Le Lézard

Affaire Boisclair : mise au point de Laurent McCutcheon, président de Gai Écoute et de la Fondation Émergence - La communauté gaie doit dénoncer les attaques homophobes



MONTRÉAL, le 16 mai /CNW/ -- MONTRÉAL, le 16 mai /CNW Telbec/ - Au cours des derniers jours, l'actualité a fait grand état de l'orientation sexuelle de monsieur André Boisclair, chef du Parti québécois. On se rappellera que, lors du conseil général de l'ADQ, le président de cette formation, monsieur Yvon Picotte, avait "dans un élan d'émotivité", tenu des propos insidieux. Même s'il n'a pas parlé ouvertement de l'orientation homosexuelle de monsieur Boisclair, tous ont compris l'allusion. Il a présenté des excuses, et André Boisclair les a acceptées.

Quelques jours plus tard, le professeur Robert Bernier, de l'École nationale d'administration publique, faisait état de travaux de recherche voulant que l'homosexualité d'André Boisclair soit mal perçue en région. Monsieur Robert Dutrisac, du journal Le Devoir, en a fait état et a invité des représentants de la communauté gaie à commenter la question. Laurent McCutcheon, président de Gai Écoute et de la Fondation Émergence, a été une des personnes invitées à donner son opinion.

"En raison de son orientation sexuelle", tient à préciser Laurent McCutcheon, "monsieur André Boisclair est devenu une cible facile pour les homophobes. Il est le chef d'un parti politique et il n'a pas à devenir un militant gai, ce n'est pas son rôle.

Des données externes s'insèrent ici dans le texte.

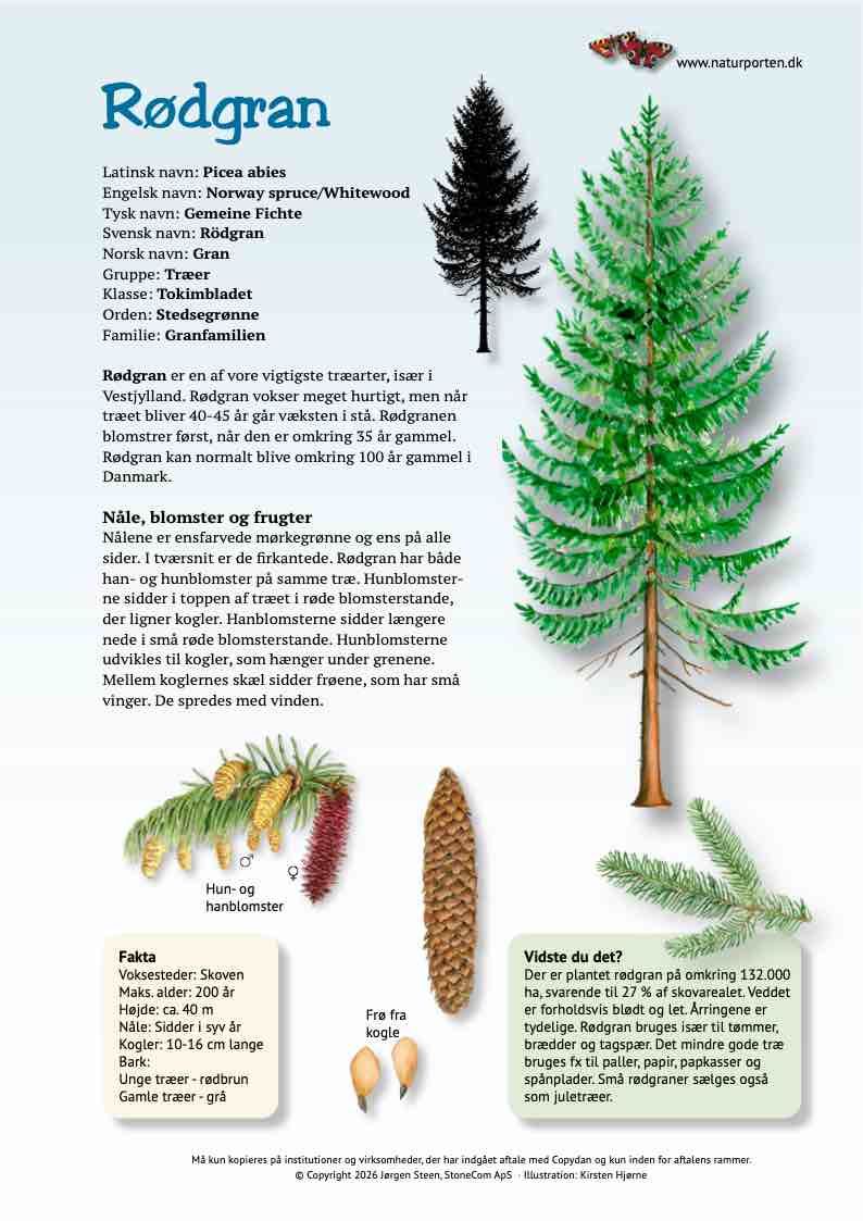 Rødgran er en af vore vigtigste træarter, især i Vestjylland. Rødgran vokser meget hurtigt, men når træet bliver 40-45 år går væksten i stå. Rødgranen blomstrer først, når den er omkring 35 år gammel. Rødgran kan normalt blive omkring 100 år gammel i Danmark.

Il importe de distinguer entre la vie privée et la vie publique d'un homme politique. L'orientation sexuelle de monsieur Boisclair est devenue une affaire publique le jour où il l'a lui-même dévoilée. Quant à sa vie privée, elle lui appartient et il faut la respecter."

En leur qualité de représentants de la population, les personnalités politiques créent des attentes. Ce qu'elles incarnent leur donne certaines obligations morales. À titre d'exemples, une femme chef de parti politique aura l'obligation morale de condamner les propos misogynes, un chef de parti issu d'une communauté culturelle aura l'obligation morale de dénoncer les attaques racistes, un chef issu de la communauté juive aura l'obligation morale de dénoncer les propos antisémites, etc. De même, un chef politique homosexuel qui dénoncera les propos homophobes obtiendra le soutien de sa communauté et de tous ceux et celles qui condamnent la discrimination sous toutes ses formes.

"Dans un contexte où l'homophobie est toujours présente, il faut comprendre que le rôle de leader de monsieur Boisclair n'est pas facile. Il a besoin d'être épaulé et encouragé. Je remercie monsieur Boisclair d'avoir réitéré son désir de travailler aux côtés des communautés gaie et lesbienne : "Comme personne, comme chef de parti, comme homme gai, c'est un défi. Dans ce contexte, les leaders de la communauté vont trouver en moi un puissant allié."(La Presse, dimanche 14 mai, Hugo De Grandpré). Monsieur Boisclair suscite beaucoup d'attentes et d'espoirs dans les communautés gaie et lesbienne. Ces attentes doivent toutefois demeurer raisonnables. Il est un leader politique et il n'a pas à devenir un leader gai. La communauté gaie ne doit pas demander à André Boisclair davantage qu'elle ne le ferait pour tout autre chef politique. Monsieur Boisclair s'est montré courageux en dévoilant publiquement son orientation sexuelle et il est devenu un symbole pour toute une communauté. Il est en droit de compter sur les gais et les lesbiennes pour l'épauler." de conclure monsieur McCutcheon.